Prioritizing the recruitment and retention of women in career tracks hostile to the rhythms of family formation is the opposite of this, and military careers for women are among the most hostile of all. As most military positions require availability precisely during a person’s years of peak physical vitality, this means during women’s peak and limited window of fertility, which is also when they have the youthful energy to meet the tremendous physical and emotional demands of childbearing and rearing. Promoting the image of non-pregnant females as the icon into which we want to prioritize our resources is a last gasp of a culture doomed to die; it sends the wrong message about what womanhood means. Additionally, American families need strong men as fathers. Failing to value men in the culturally iconic role of military service sends the wrong message about what manhood means.

Prioritizing recruitment and retention of women in the military involves favoring institutionalized daycare — or, far worse, abortion — to deal with the children of pregnancy. Parents make complex, private decisions about the care of their children. However, our nation’s government should not foster career structures that rely on institutionalized daycare for children. Again and again in its annual reports, DACOWITS has encouraged increasing funding for and access to daycare. Prioritizing recruitment and retention of women in the military comes at a cost not only to other priorities inside the military but also to our next generation of children and to women themselves.

Six Recommendations

As the Department of War now rethinks its policies regarding women in the military, here are six recommendations to continue Hegseth’s excellent new embrace of reality-based, mission-oriented policies — not only for the sake of our military, but also for our nation:

  1. End efforts to increase recruitment of women in ROTC and our military colleges. The four years of our civilian college system are already a postponement of marriage; ROTC and our military colleges lock young women into essentially eight years of unavailability precisely when young women are at their prime to marry, bear children, and have the energy to start a family. Similarly, the recruitment of young enlisted women poses similar problems. Not a ban, but just do not make this a priority.
  2. Keep women out of the draft.
  3. For women in the military with children, offer a “career pause” as a voluntary career deceleration in specialties where this is feasible. It would involve accepting a loss of pay and fewer women in the higher ranks (not leapfrogging over those who do not pause). Moreover, it could encourage raising children instead of aborting them.
  4. Continue to allow some Special Forces units to remain all-male.
  5. Allow leaders in close-quarter situations, such as submarines, to opt for all-male crews.
  6. “Try not to be an idiot.” This was a guiding principle of a group I was part of in the Office of the Secretary of Defense (great leaders have a sense of humor). For rethinking women in the military, it means do not rush from harmful feminist policies to some fantasy vision of an all-male military; instead, establish sensible guidelines and start with some smaller experiments. Accept that alongside general patterns of male and female, there will be exceptions. Remember that not every woman will become a mother, and caring for children is a stage of life, not the entirety of it.

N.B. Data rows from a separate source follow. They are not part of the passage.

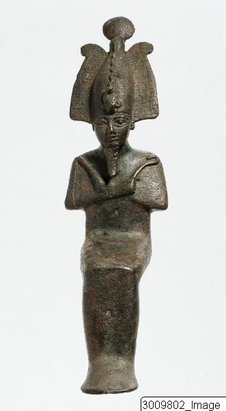 En statyett av en sittande Osiris. Han bär atefkronan med en solskiva och en uraeus. Hans skägg sitter ihop med bröstet via en kort brygga. Hans armar är lagda över bröstet. Högerhanden greppar krumst...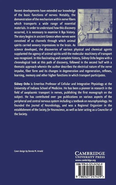 Recent developments have extended our knowledge of the basic functions of nerves: notably, the demonstration of the mechanism within nerve fibers which transports a wide range of essential materials. In order to understand how this discovery occurred, it is necessary to examine its history. The story begins in ancient Greece when nerves were conceived of as channels through which animal spirits carried sensory impressions to the brain. As science developed, the discoveries of various physical and chemical agents supplanted the agency of animal spirits until the molecular machinery of transport was recognized. In this fascinating and complete history, Sidney Ochs begins with a chronological look at this path of discovery, followed in the second half by a thematic approach wherein the author describes the electrical nature of the nerve impulse, fiber form and its changes in degeneration and regeneration, reflexes, learning, memory and other higher functions in which transport participates.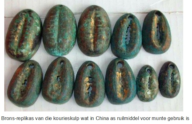 Die geldkaurie was van ten minstens 2 070-1 200 vC as ruilmiddel gebruik, maar dit was in die verafgeleê suidwestelike streek van China tot so onlangs as die 17de Eeu nC as ruilmiddel gebruik. Trouens die simbool wat vir geld of handel in Chinees gebruik word is: 貝 wat skulp beteken. Weens die tekort aan werklike skulpe het China onder die Shang Dinastie (1600-1046 vC) dit met brons replikas vanaf 1 200 vC BCE vervang. Dit was inderwaarheid die eerste metaal ruilmiddel in China en kan eintlik as die eerste munte beskou word, alhoewel dit nie soos die tradisionele plat, ronde skyfie wat ons met munte assosieër lyk nie.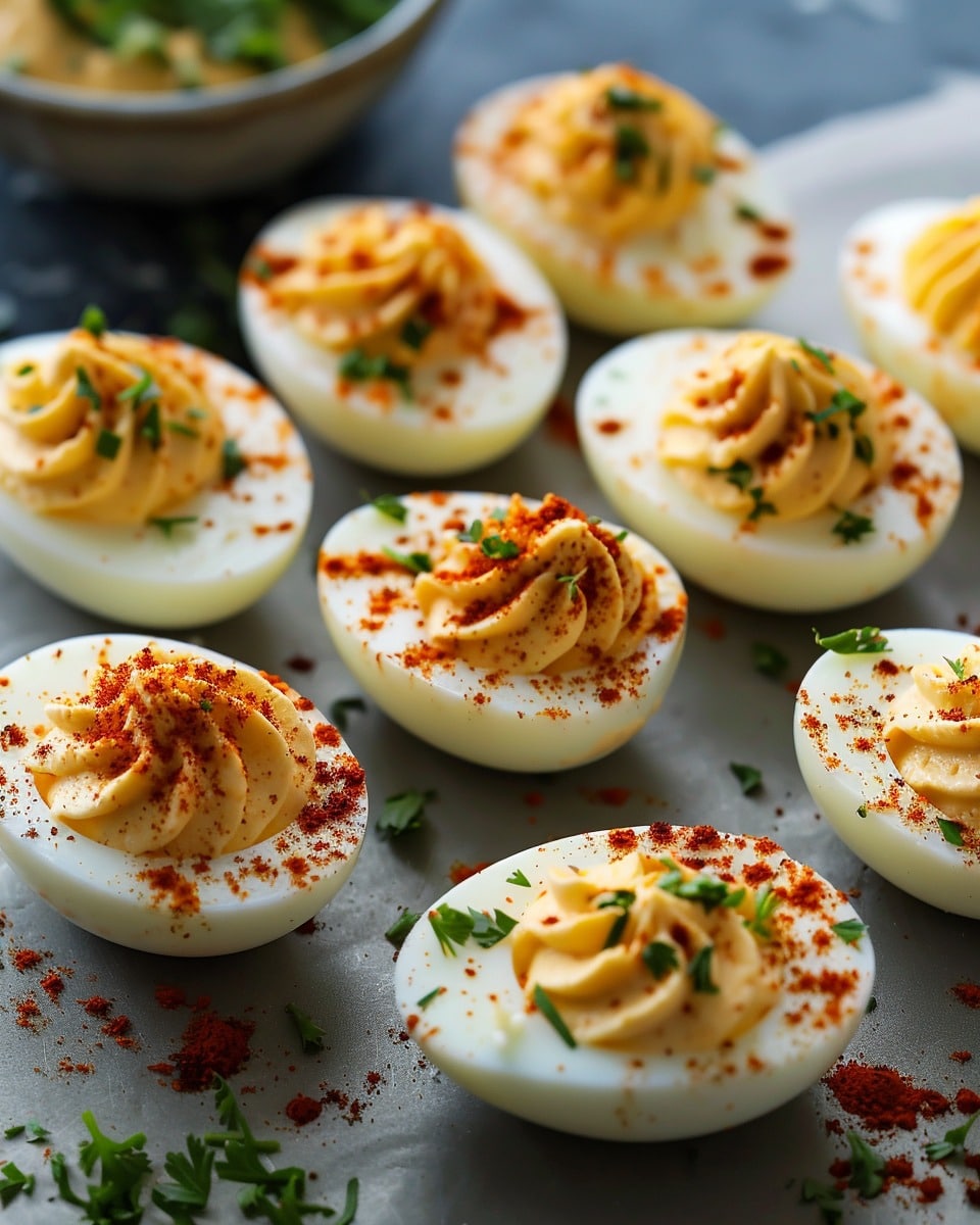 Spicy Chili Garlic Deviled Eggs take the classic appetizer and give it a bold, fiery twist. I love how the creamy yolk filling gets a spicy kick from chili garlic sauce, balanced with just enough tang to keep it addictive. These eggs are the perfect bite-sized snack for parties, potlucks, or whenever I want something that packs a punch.

After September 11, 2001, I worked as a civilian for the U.S. military for seven years, primarily for the Defense Intelligence Agency. I later taught part-time at the U.S. Army War College. I loved this work. Women were among my most competent colleagues. Some made vital contributions, such as the top interrogator on the team I supervised at Guantanamo Bay. When women are available and competent to serve, welcome them. But do not break the military to chase after feminist illusions. America needs a military whose priorities are to deter and defeat our adversaries.